Rare Rides: There's a 2004 Smart Roadster in Brooklyn but It's Mostly Useless
What has three cylinders, a removable roof, and is technically illegal to own in the United States? Why, it’s the Smart Roadster, of course.
Come have a look at all the illegal plastic you can get for twenty grand.
Let’s have some background before we get to how illegal all of this is. The Smart brand has made three basic models throughout its history, with electric and specialty versions of each. North America received the Fortwo, while other locales received the Forfour and the Roadster you see here.
After the initial success of their initial model, the Fortwo (then called City Coupe), owner Mercedes-Benz sought to increase the model offerings for the brand and decided a sporty coupe was the place to start. (The Mercedes badges are not original to the car.)
Shown first at the Paris Motor Show in 2000, the roadster sat on an extended-length version of the Fortwo’s platform. It shared the same engine as the Fortwo: A turbocharged 3-cylinder residing at the rear and producing 80 horsepower.
The Roadster received initial critical acclaim and sales success, and even won Top Gear’s Fun Car of the Year award in 2005.
Plastic construction and a diminutive size kept the weight down (1,742 pounds) and made the Roadster tossable driving fun. Unfortunately that plastic construction wasn’t very good at keeping out things like water.
Warranty claims skyrocketed due to the water leakage, and would often end in repairs costing thousands of dollars. This damaged both the Roadster’s reputation and the willingness of Smart to continue manufacturing the vehicle. By 2006, Smart was ready to call it quits on the Roadster. After four years of production, a little over 43,000 rolled off the line.
This Roadster for sale in Brooklyn is a 2004 model, and features the solid removable roof panel and optional paddle shifters on the wheel. Imported into California in 2009, it has about 5,000 miles and a clear Florida title. Additionally, the seller exclaims via all caps that it’s all stock and original, but also has a Sawyer tuning chip to bump the horsepower to 100. Along with that clear Florida title, the seller warns that the Roadster is “For off-road [sic] use only, but do what you want.” It’s not a vehicle you can legally title in America, and won’t be eligible for the 25-year rule for a long time. Someone has played some importation games here.
$20,000 is a lot of money for a Mercedes-Benz go-kart, but maybe it’s worth holding onto until… 2029.
If you need a laugh, you can read more in the hilariously biased, poorly written, and unprofessional Wikipedia article for the Roadster.
[Images via seller]
Chuck Goolsbee on Jan 01, 2018
Back when these were new, I traveled to the UK a lot, and I honestly thought they were pretty awesome... in a minimalist sort of way. Would be fun to own, and out just west of the middle of nowhere where I live, I could drive it all the time and never see a cop.
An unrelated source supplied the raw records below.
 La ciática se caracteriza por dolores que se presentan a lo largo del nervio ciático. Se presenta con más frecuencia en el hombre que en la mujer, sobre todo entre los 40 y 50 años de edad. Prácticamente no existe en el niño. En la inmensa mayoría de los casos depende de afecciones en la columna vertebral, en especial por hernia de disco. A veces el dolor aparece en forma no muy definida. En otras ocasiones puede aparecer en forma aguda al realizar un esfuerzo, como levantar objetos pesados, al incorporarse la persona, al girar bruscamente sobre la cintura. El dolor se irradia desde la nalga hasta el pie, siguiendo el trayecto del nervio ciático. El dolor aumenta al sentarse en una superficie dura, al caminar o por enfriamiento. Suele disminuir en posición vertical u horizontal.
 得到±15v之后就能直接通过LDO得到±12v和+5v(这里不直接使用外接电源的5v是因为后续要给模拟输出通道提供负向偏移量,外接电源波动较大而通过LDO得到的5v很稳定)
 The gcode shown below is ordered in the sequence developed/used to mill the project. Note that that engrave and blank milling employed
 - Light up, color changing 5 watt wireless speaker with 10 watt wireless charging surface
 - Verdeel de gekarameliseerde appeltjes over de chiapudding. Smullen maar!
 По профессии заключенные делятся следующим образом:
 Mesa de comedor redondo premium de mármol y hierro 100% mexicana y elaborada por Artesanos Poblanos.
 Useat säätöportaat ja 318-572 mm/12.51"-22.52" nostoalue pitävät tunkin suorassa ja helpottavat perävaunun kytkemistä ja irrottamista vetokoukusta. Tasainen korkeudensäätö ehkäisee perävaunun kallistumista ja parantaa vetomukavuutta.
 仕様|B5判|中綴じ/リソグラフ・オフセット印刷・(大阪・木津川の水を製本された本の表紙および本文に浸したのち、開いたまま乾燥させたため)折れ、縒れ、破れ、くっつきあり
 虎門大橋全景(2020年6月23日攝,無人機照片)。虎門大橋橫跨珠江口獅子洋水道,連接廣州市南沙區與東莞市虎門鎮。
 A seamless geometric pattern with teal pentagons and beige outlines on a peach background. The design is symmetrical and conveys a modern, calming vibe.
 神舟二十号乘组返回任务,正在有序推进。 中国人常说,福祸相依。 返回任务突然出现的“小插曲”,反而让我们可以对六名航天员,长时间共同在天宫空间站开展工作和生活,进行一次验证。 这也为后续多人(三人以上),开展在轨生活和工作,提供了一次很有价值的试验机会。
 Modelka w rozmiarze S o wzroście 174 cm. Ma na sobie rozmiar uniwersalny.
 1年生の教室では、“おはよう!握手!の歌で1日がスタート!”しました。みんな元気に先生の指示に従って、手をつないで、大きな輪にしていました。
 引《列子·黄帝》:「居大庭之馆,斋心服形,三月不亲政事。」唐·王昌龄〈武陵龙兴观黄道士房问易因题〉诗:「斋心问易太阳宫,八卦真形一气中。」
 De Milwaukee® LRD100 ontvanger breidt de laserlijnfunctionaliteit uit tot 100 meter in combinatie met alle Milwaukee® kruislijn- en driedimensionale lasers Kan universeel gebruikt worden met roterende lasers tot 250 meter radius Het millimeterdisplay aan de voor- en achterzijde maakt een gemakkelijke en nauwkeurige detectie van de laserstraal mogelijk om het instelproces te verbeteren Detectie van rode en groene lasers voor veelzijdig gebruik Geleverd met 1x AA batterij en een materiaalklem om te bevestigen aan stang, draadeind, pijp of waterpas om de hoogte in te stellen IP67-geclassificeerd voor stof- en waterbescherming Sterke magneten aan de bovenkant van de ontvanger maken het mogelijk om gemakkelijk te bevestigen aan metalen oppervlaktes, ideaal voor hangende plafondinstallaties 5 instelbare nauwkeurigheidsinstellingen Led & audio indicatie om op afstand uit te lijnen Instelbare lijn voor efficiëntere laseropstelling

CrystalEyes on Feb 18, 2018
Couldn't agree more about the Fortwo transmission. Overall the car felt pretty crude. The one I drove was a sort-of-convertible, and I've always loved little convertibles like the MG Midget or Bugeye Sprite. Not so much the Fortwo. The interior was not too dissimilar in terms of materials and quality from what you might find in a later MGB or Porsche 914; possibly more durable but not seeming any more upscale. The engine was unusual (a tiny diesel) but worked well enough. No joy there but not entirely terrible either. Steering was fairly imprecise and handling was terrible. I still would have enjoyed driving it if it weren't for the transmission. Easily the worst of any automatic or standard on any car, truck or motorcycle I have ever driven. If you shifted it manually you could churn your way around town without drama, but let it shift itself and you would never be quite sure when it would decide to change gears, except that it wouldn't be the right time, and when it did you had to feather the throttle just right to avoid a lurch that would definitely put some of your morning coffee in your lap, even when you knew it was coming. There was nothing you could do about the shift itself, but controlling it manually meant you could do it at appropriate times and it was easier to finesse the throttle. About 100km over a couple of days and I was done with this otherwise interesting car forever. The streets are lousy with them where I live (Victoria, BC), but there are surprisingly few on the used market at any one time. People must be hanging on to them but why I can't imagine. I understand you can get a proper manual transmission in them now, but it would have to actually produce gasoline while it drove before I'd consider getting one.